My last day was great – obviously a lot shorter due to working less hours than normal (from around 32 weeks I decided to drop down from 8-10 hour shifts to a nicer 6 hour shift as I ended up coming home in agony thanks to back/sciatic pain and SPD pain) but I still had a blast, and did very little work!
When someone leaves the tradition is to usually get “dirty refs”/take-away as your last meal together, so in keeping with tradition we got take-away, however I fought with everyone to let me decided to buy and got a couple of pizzas in which I thought would be a nice treat. Feeding 8 grown men is easier said than done when you’re watching the wallet and they have stomachs the size of tanks, but thanks for deal hunting and I did it!
As mentioned, I work in a team of boys solely boys and behave/get treated as their old sister, younger sister, and mother all at once so I didn’t really expect anything special for my last day; maybe a card, as most of the time it would be me reminding them to do something like this. Plus, my work don’t usually do anything like a collection until after the baby has arrived, so I was quite content with nothing happening.
However, during said last meal my team suddenly topped my treat with these…
I got a huge, gorgeous bouquet of flowers, a mini orchid, a massive carrot and walnut cake (my favourite!) and a card. The cake was actually planned weeks in advance and was baked by one of the boy’s mums which one of the boys ALSO had to travel by train to collect as they only have a moped as their mode of transport – that hit a heartstring for me. They also hinted that more will be on the way once fidget arrives! It was magical, and if they’d caught me a week ago I would have cried my eyes out. They really blew my last shift out of the water and made me feel very loved – it was special.
My team is like a second family to me which made leaving so very hard – I really didn’t want to say goodbye.
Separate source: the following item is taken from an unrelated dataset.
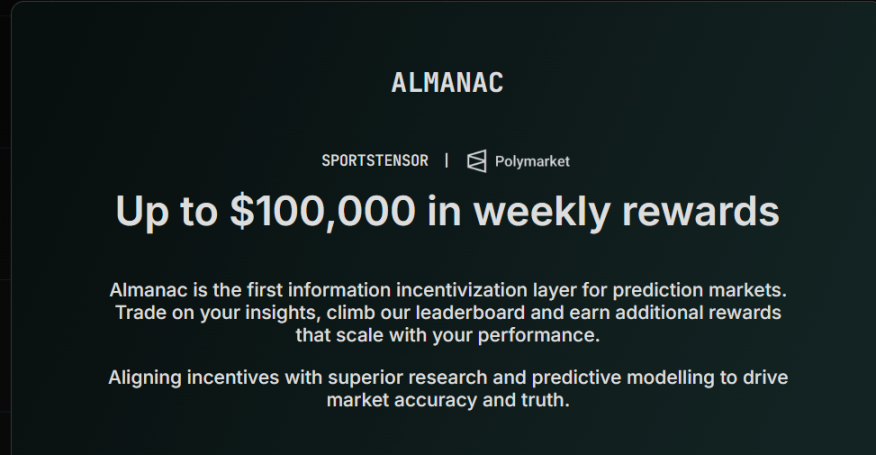 该团队还在打造「Almanac」平台——这是一个面向普通用户的体育预测竞赛层:用户可获取 Sportstensor 矿工提供的信号及高级预测分析数据,并借此与其他用户展开竞争。表现最佳的预测者每周可获得高达 10 万美元的奖励(上线时间待定)。

I know it’s not forever and I’ll still speak to them via various social media forums, and don’t get me wrong I couldn’t wait to generally get the hell out so I could start the wind down for this baby, but when I’ve been used to seeing the boys almost every day I get used to them being part of my day. They’re a part of my life, so now not having that regular contact will feel very strange.
Once fidget is born we’re planning to “wet the baby’s head” and I’ll no doubt take fidget into work so they can meet their many “uncles” (and so I can have a catch up/gossip) but it’s still very alien knowing that at the moment, I’m not going back.